Converse, Inverse, Contrapositive (Variations on the Conditional)

  • Given the base form: If it is raining, then I will bring an umbrella to work.

    • Converse: If I bring an umbrella to work, then it must be raining. q \rightarrow p

    • Inverse: If it is not raining, then I will not bring an umbrella to work. \neg p \rightarrow \neg q

    • Contrapositive: If I do not bring an umbrella to work, then it must not be raining. \neg q \rightarrow \neg p

  • Summary

    • p is the hypothesis; q is the conclusion.

    • Variations show different truth-value relationships between the pair (p, q).

Two statements are logically equivalent

  • Definition

    • Two statements are logically equivalent if they share the same truth values under all interpretations.

  • Term used: logical equivalence.

  • Key point in implications: a statement and its contrapositive are logically equivalent; the contrapositive has the same truth value as the original.

Example: Logical Equivalence (1 of 3)

  • Original statement: If a creature is a whale, then it is a mammal.

    • Let p: "a creature is a whale" and q: "a creature is a mammal."

  • Converse: q \rightarrow p → "If a creature is a mammal, then it is a whale." This is false because most mammals are not whales.

  • Determine logical equivalence between original and converse/inverse/contrapositive as discussed below.
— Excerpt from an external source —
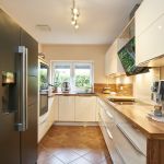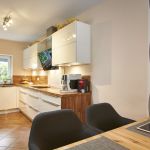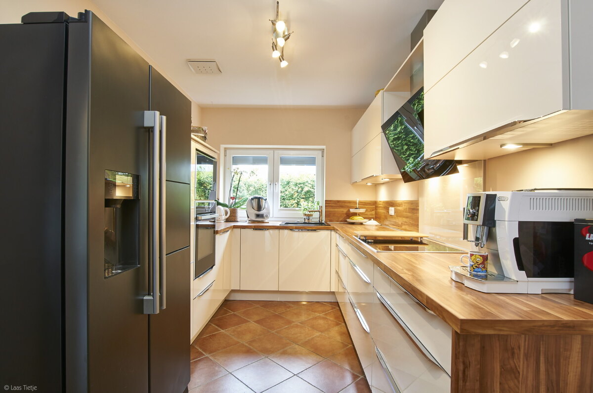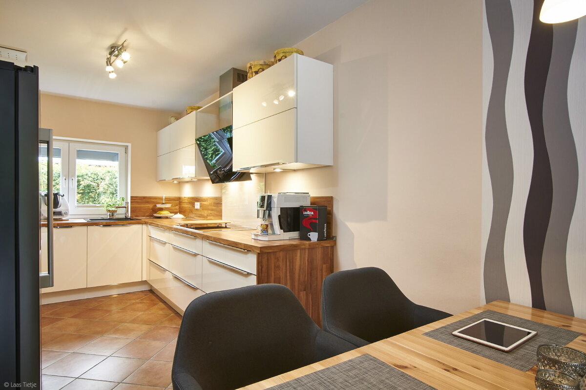 Gäste WC mit Fenster und eine hochmoderne und offene Einbauküche. Alle Fenster im Erdgeschoss sind mit elektrischen Außenrollläden versehen.
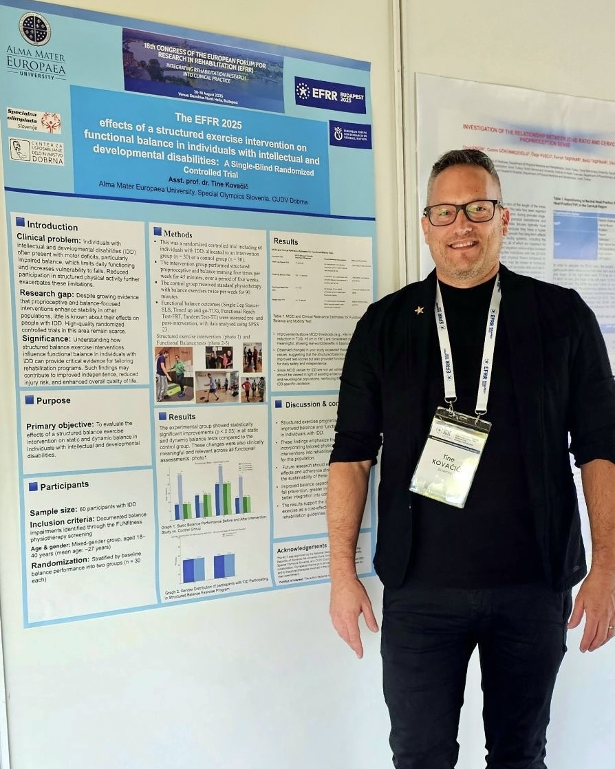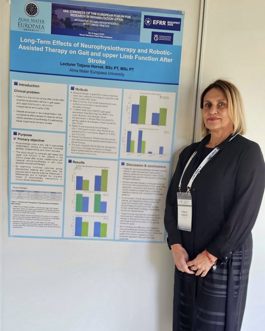Na 18. kongresu European Forum for Research in Rehabilitation (EFRR 2025), ki je med 28. in 31. avgustom potekal v Budimpešti, sta Univezro Alma Mater Europaea zastopala doc. dr. Tine Kovačič, viš. pred. Tatjana Horvat.

Example: Logical Equivalence (2 of 3)

  • Inverse: \neg p \rightarrow \neg q → "If a creature is not a whale, then it is not a mammal." This is also false; e.g., dogs are not whales but are mammals.

  • Contrapositive: \neg q \rightarrow \neg p → "If a creature is not a mammal, then it is not a whale." This is true, because all whales are mammals.

Example: Logical Equivalence (3 of 3)

  • Note

    • The original proposition and its contrapositive have the same truth value and are logically equivalent.

    • Similarly, the converse and inverse have the same truth value and are logically equivalent.

Connections to the material

  • Propositions, truth values, and logical connectives form the basis of evaluating logical structure.

  • Understanding negation, double negation, and the effects of phrasing (e.g., words like 'unlikely' or 'no' in a sentence) is crucial for proper logical analysis and interpretation of statements.

  • Logical equivalence explains why certain forms (contrapositive, and converses/inverses in some pairs) share truth values, which is essential for logical reasoning and proving statements.

Quick reference of key formulas

  • Negation: \neg p

  • Double negation: \neg(\neg p) \equiv p

  • Conjunction: p \land q

  • Disjunction (inclusive): p \lor q

  • Conditional: p \rightarrow q

  • Converse: q \rightarrow p

  • Inverse: \neg p \rightarrow \neg q

  • Contrapositive: \neg q \rightarrow \neg p

  • Logical equivalence: two statements have the same truth values; original and contrapositive are equivalent; converse and inverse are equivalent.